FBI Assistant Director Vahid Majidi said yesterday the initial anthrax sample that Ivins took from his Army lab in February 2002 and gave investigators did not meet court-ordered conditions for its preparation and collection.

In a briefing for reporters, Majidi said the sample kept at the FBI lab was destroyed because the bureau believed it might not have been allowed as evidence at trial.

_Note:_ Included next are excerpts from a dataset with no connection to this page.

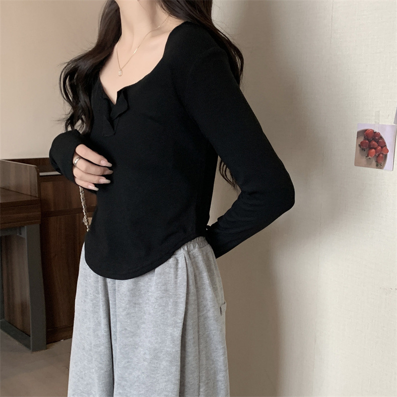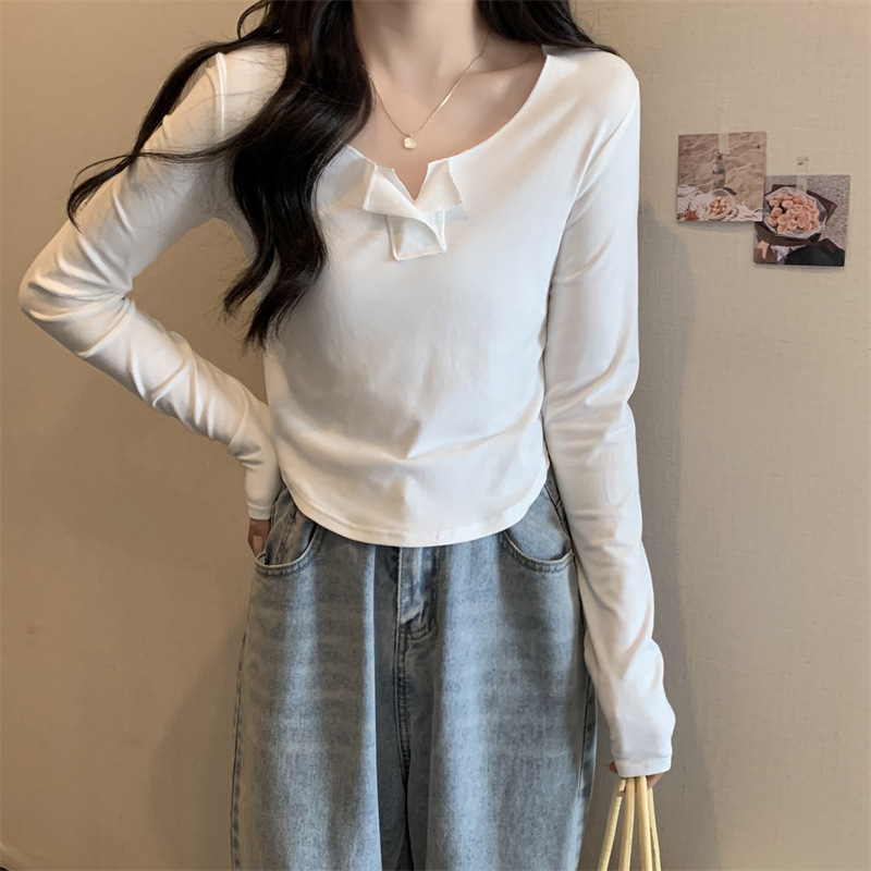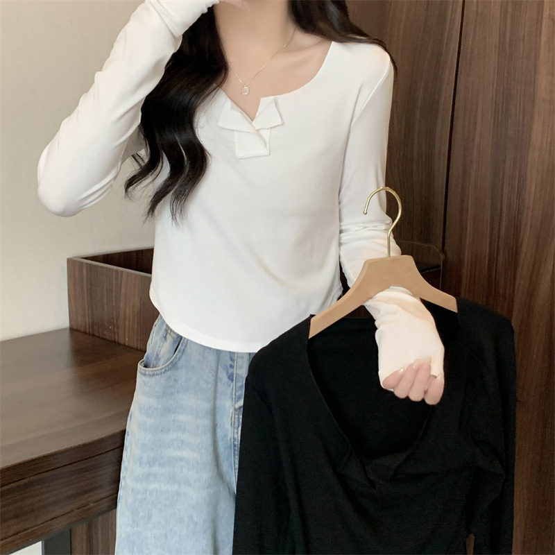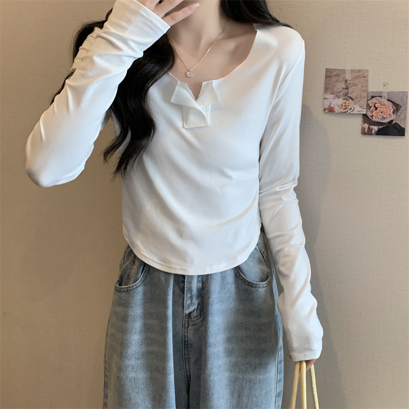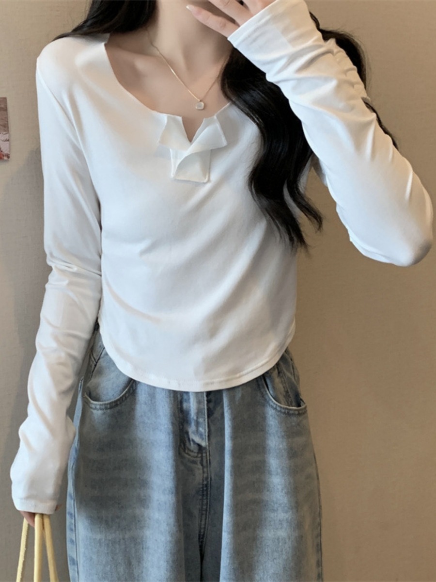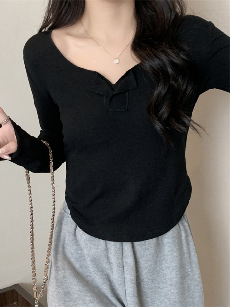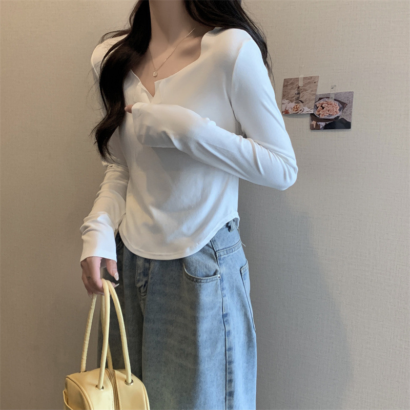 우유 파쇄 스파이스 걸 불규칙한 V-넥 긴팔 티셔츠 여성용 가을 디자인 센스 짧은베이스 셔츠 탑 트렌디스토어 가기
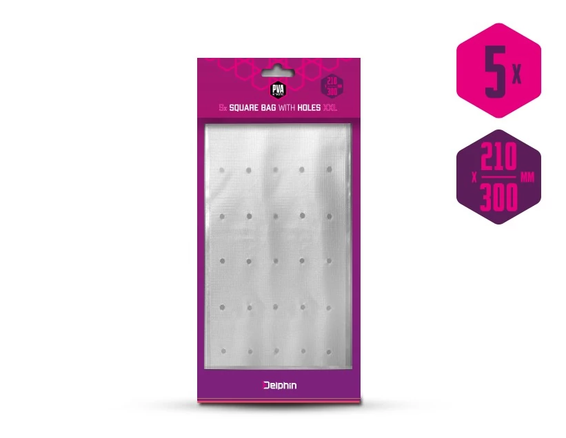 A szlovákiai Delphin gyártmányú, extra nagy méretű, négyszögletes, vízben oldódó tasak háló a pelletből, bojlilból, kukoricából vagy más partikelből álló száraz csalikeverék elhelyezésére szolgál. A tasakok széles körben használhatók pl. ponty, harcsa, amur stb. horgászathoz... A tasakba csomagolt csali a horgászhelyen a fogós csali mellé kerül elhelyezésre. A PVA tasak a vízhőmérséklettel egyenes arányban feloldódik, és a csali közelében kioldja az etetőkeveréket, amivel a horgászott halak számára jelentősen növeli annak vonzerejét. Extra nagy méretének köszönhetően az etetés helyére jóval nagyobb mennyiségű etetőanyag helyezhető el, mint a szokásos méretű tasakok esetében. A tasakok maximális kapacitása 1,5 kilogramm csali, aminek köszönhetően az adott horgászhelyek masszív és pontos beetetésére hivatottak! Ez jelentősen növeli a kapitális hal odavonzásának esélyét!
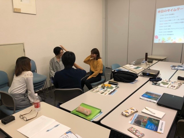 次に、自己紹介とアイスブレイクをしました。 それぞれの活動報告をしたあと、インターン先を選んだ決め手を発表しました。 初心にかえる良い機会となりました。

The science that let investigators look for tiny genetic mutations in the kind of anthrax used in the attacks was only becoming available around 2004, Majidi said. Not until then did investigators trace strains of genetically-unique anthrax back to Ivins.

As part of a February 2002 subpoena, Ivins gave investigators two samples of the unique anthrax strain known as RMR-1029 that he created in his lab. One went to the FBI lab, where it was destroyed. The other went to the lab of Dr. Paul Keim, a geneticist at Northern Arizona University in Flagstaff, Ariz.

Keim still had his RMR-1029 sample in 2006 when the FBI realized it could match Ivins to two batches of anthrax-laced letters that were mailed in the weeks after the Sept. 11, 2001, terror attacks.

The anthrax letters killed five and sickened 17 after turning up on Capitol Hill, in newsrooms and postal facilities.

Ivins took a fatal dose of acetaminophen last month as prosecutors prepared to indict him for murder.